Published online Dec 26, 2017. doi: 10.4252/wjsc.v9.i12.227
Peer-review started: February 13, 2017
First decision: May 10, 2017
Revised: October 17, 2017
Accepted: November 8, 2017
Article in press: November 8, 2017
Published online: December 26, 2017
To evaluate the importance of the CD34+CD38- cell population when compared to the CD34+CD38+/low and CD34+CD38+/high leukemic cell sub-populations and to determine its correlations with leukemia characteristics and known prognostic factors, as well as with response to therapy and survival.
Two hundred bone marrow samples were obtained at diagnosis from 200 consecutive patients with newly diagnosed acute myeloid leukemia (AML) were studied between September 2008 and December 2010 at our Institution (Hematology Department, Lyon, France). The CD34/CD38 cell profile was analyzed by multiparameter flowcytometry approach using 8C panels and FACS CANTO and Diva software (BD Bioscience).
We analyzed CD34 and CD38 expression in bone marrow samples of 200 AML patients at diagnosis, and investigated the prognostic value of the most immature CD34+CD38- population. Using a cut-off value of 1% of CD34+CD38- from total “bulk leukemic cells” we found that a high (> 1%) level of CD34+CD38- blasts at diagnosis was correlated with advanced age, adverse cytogenetics as well as with a lower rate of complete response after induction and shorter disease-free survival. In a multivariate analysis considering age, leukocytosis, the % of CD34+ blasts cells and the standardized cytogenetic and molecular risk subgroups, a percentage of CD34+CD38- leukemic cells > 1% was an independent predictor of DFS [HR = 2.8 (1.02-7.73), P = 0.04] and OS [HR = 2.65 (1.09-6.43), P = 0.03].
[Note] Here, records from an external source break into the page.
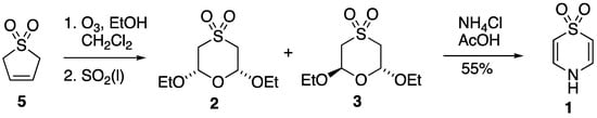 A reliable although unusual synthesis of compound 1 appeared in 1972 [6], and in fact, this is its only reported synthesis to date. The method starts from the readily available 2,5-dihydrothiophene 1,1-dioxide (butadiene sulfone) 5, which is subjected to ozonolysis in dichloromethane containing ethanol (Scheme 1). Once ozone absorption is complete, the mixture is reductively quenched by rapid addition of liquid sulfur dioxide to give a mixture of the cis- and trans-2,6-diethoxy-1,4-oxathiane 4,4-dioxides 2 and 3 in essentially quantitative yield. Treatment of this mixture with ammonium chloride in boiling acetic acid directly produced thiazine dioxide 1, but for spectroscopic and structural characterisation, 2 and 3 were readily separated by column chromatography. It might be noted here that compound 3 has been prepared in low yield by treatment of sulfonyldiacetaldehyde with boron trifluoride and ethanol [16], and both 2 and 3 have also been prepared by peracetic acid oxidation of the corresponding 1,4-oxathianes [7].
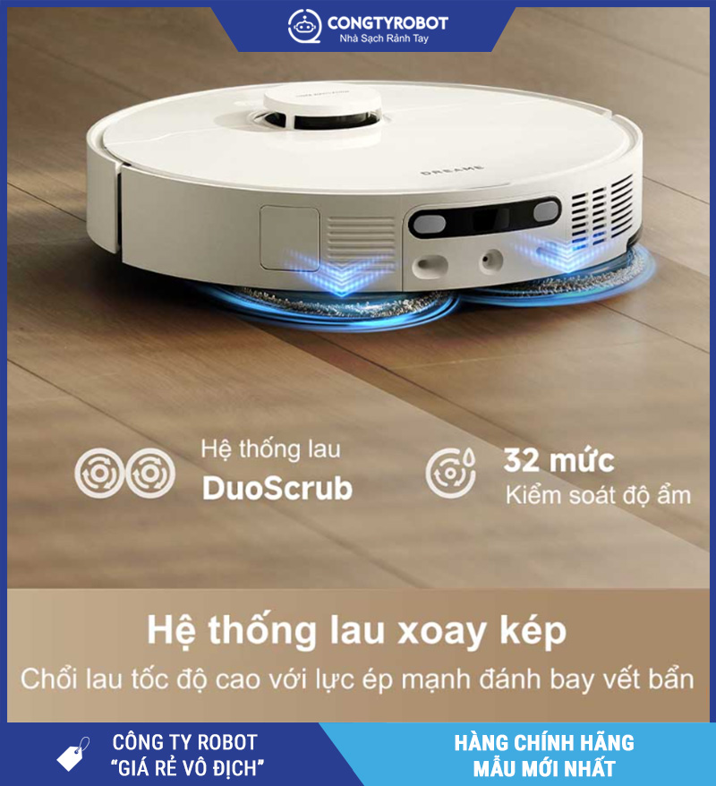 Khác với các robot lau nhà thông thường, Dreame L10s Ultra Gen 3 sở hữu hệ thống lau xoáy kép DuoScrub™, có khả năng tùy chỉnh độ ẩm lau theo 32 mức khác nhau, đảm bảo lau sạch mà vẫn bảo vệ chất liệu sàn.
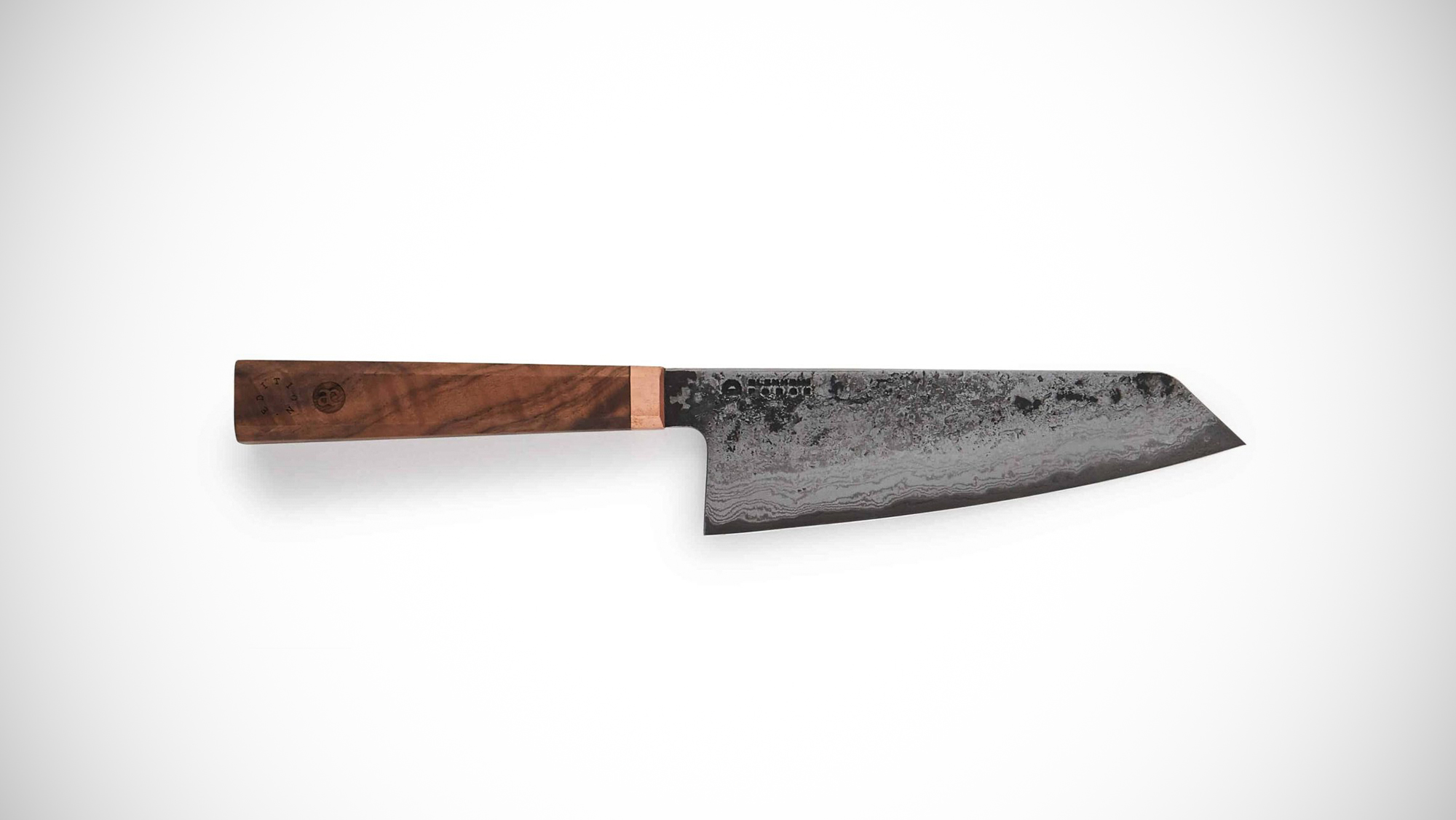 Made by London-based steel workshop Blenheim Forge, this knife is as beautifully crafted as it is versatile. Originally created in Japan, the santoku knife is one of the most popular kitchen knives as it can handle anything from slicing and dicing to chopping food with great precision. This one is a work of art. It features a hand-forged Japanese Blue Paper steel core blade finished with folded iron cladding that gives the knife a captivating Damascus steel ripple effect. To match the quality of the blade, the workshop used an English walnut handle with warm brown colors and eye-catching patterns. A copper ferrule completes the design. The Blenheim Forge Santoku knife also comes with an optional handmade leather sheath.
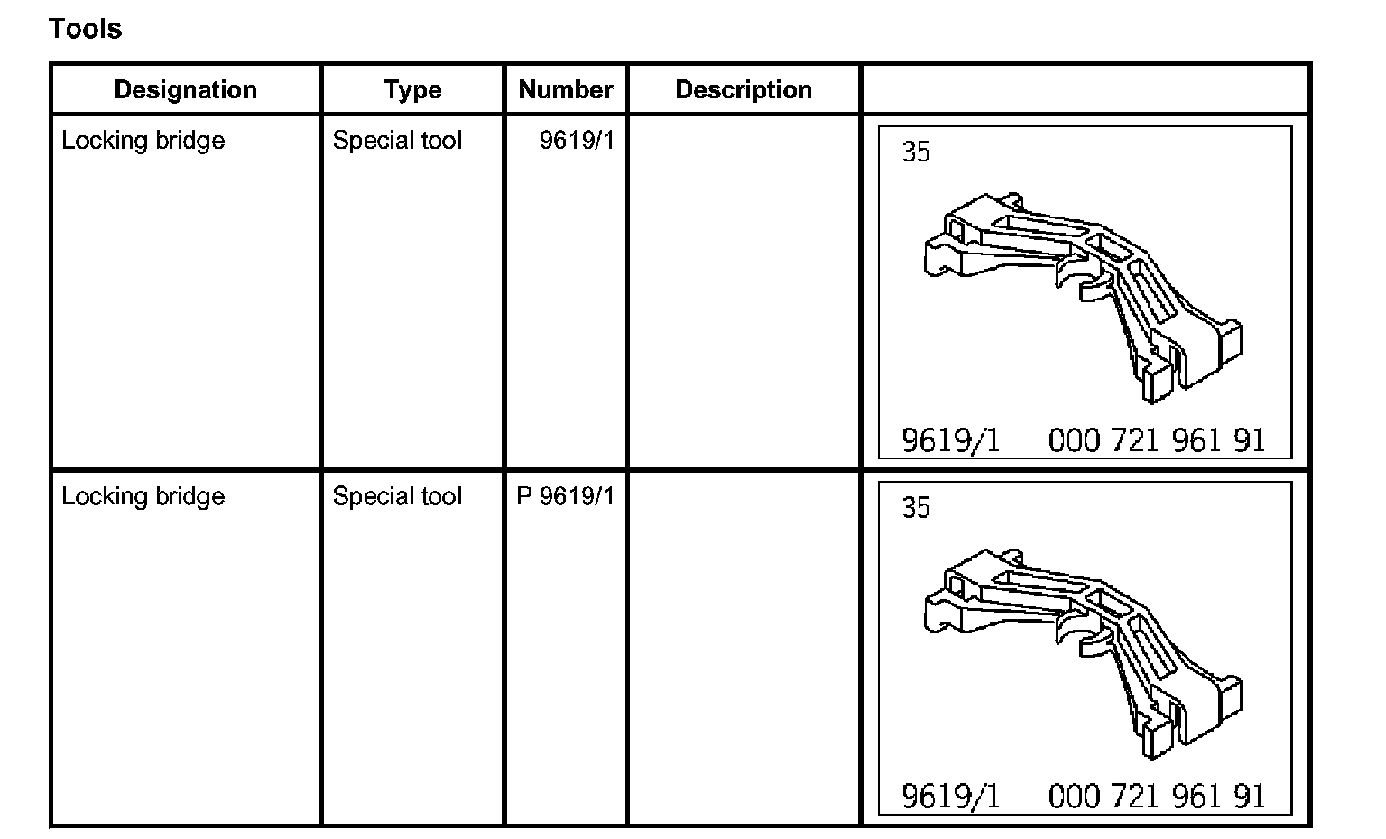 2. Locking bridge 9619/1 must be fitted on the gearshift bracket.
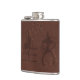 This cool flask features an original digital painting that captures the look of tooled brown leather with cowboys and bucking bronco's subtly carved in. A text field for your monogram or initials is waiting for you to customize it!
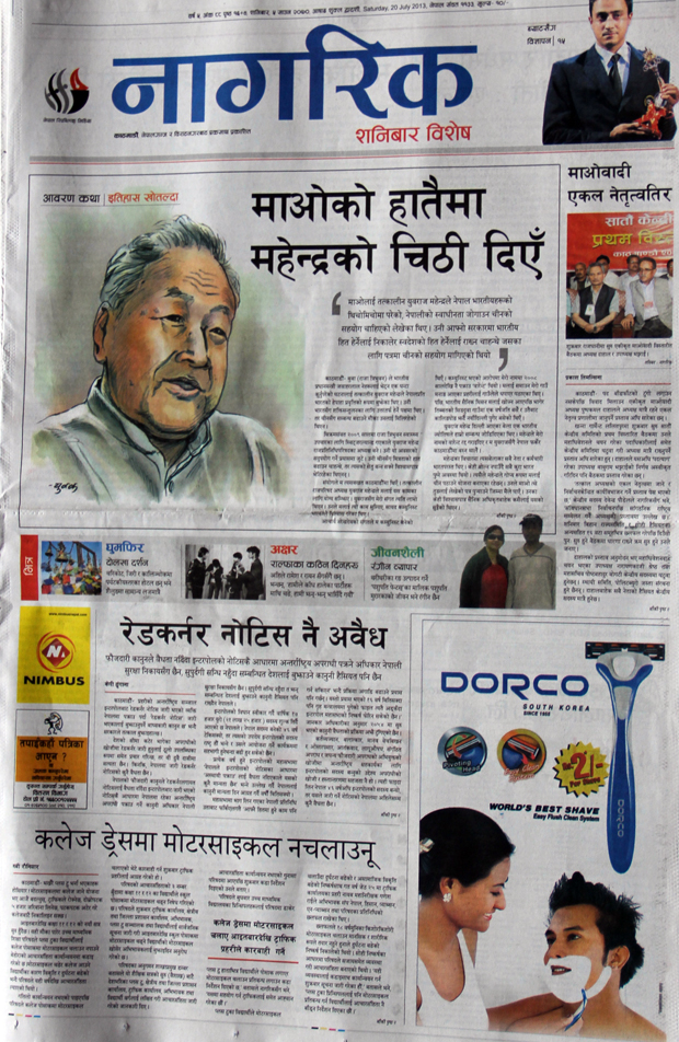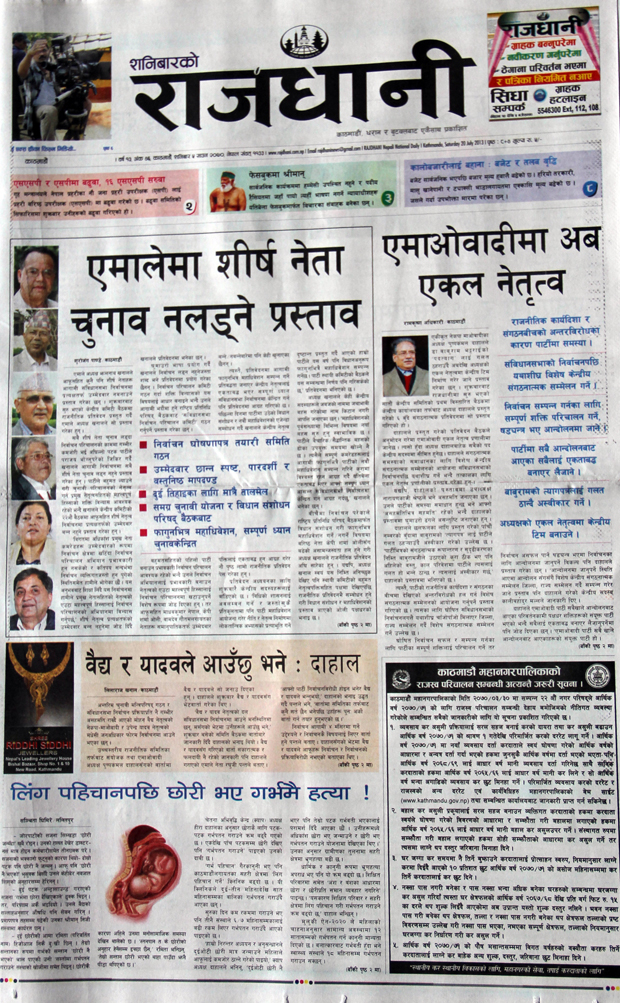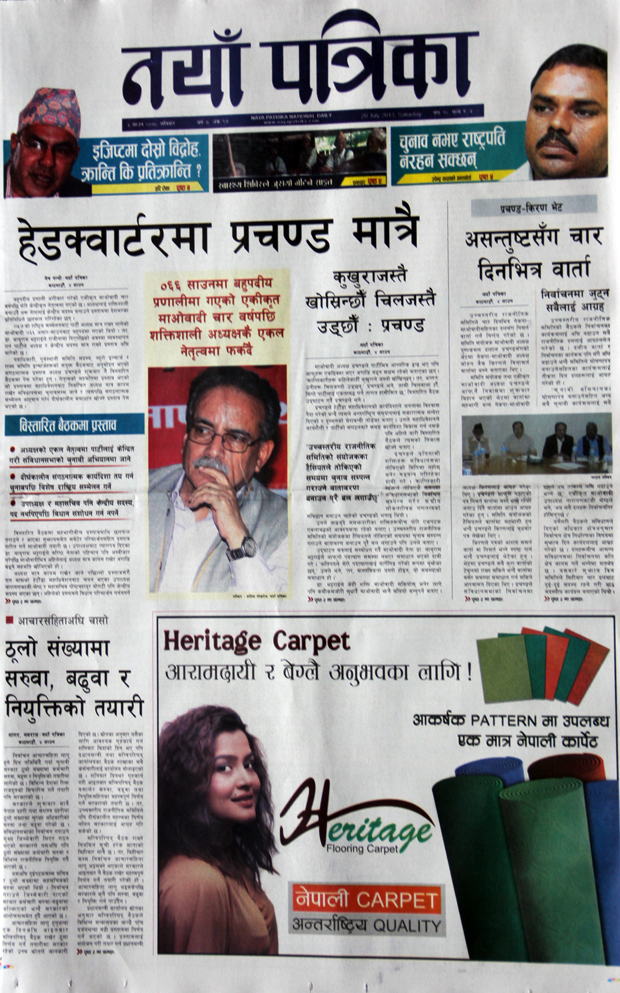 आज मिति २०७० साउन ५ गते शनिबार । राजधानीबाट आज प्रकाशित दैनिक पत्रिकाले एकीकृत नेकपा माओवादीको विस्तारित बैठकबाट पार्टी एकल नेतृत्व तर्फ गएको खबरलाई उच्च प्राथमिकताका साथ छापेका छन् ।

Taken together, these results show that a CD34/CD38 “backbone” for leukemic cell analysis by multicolour flowcytometry at diagnosis provides useful prognostic information.
Core tip: We analyzed the bone marrow samples of 200 acute myeloid leukemia (AML) patients at diagnosis by multicolour flow cytometry and investigated the prognostic value of the most immature CD34+CD38- population. We showed that a higher then > % level of CD34+CD38- blasts at diagnosis was an independent predictor of disease free survival (DFS) and overall survival in a multivariate analysis considering age, leukocytosis, the % of CD34+ blasts cells, cytogenetic and molecular risk subgroups. Despite heterogeneity and complexity of AML leukemia stem cells, we could still use CD34+CD38- quantification at diagnosis as useful complementary prognostic parameter for risk-stratification AML patients in future clinical trials.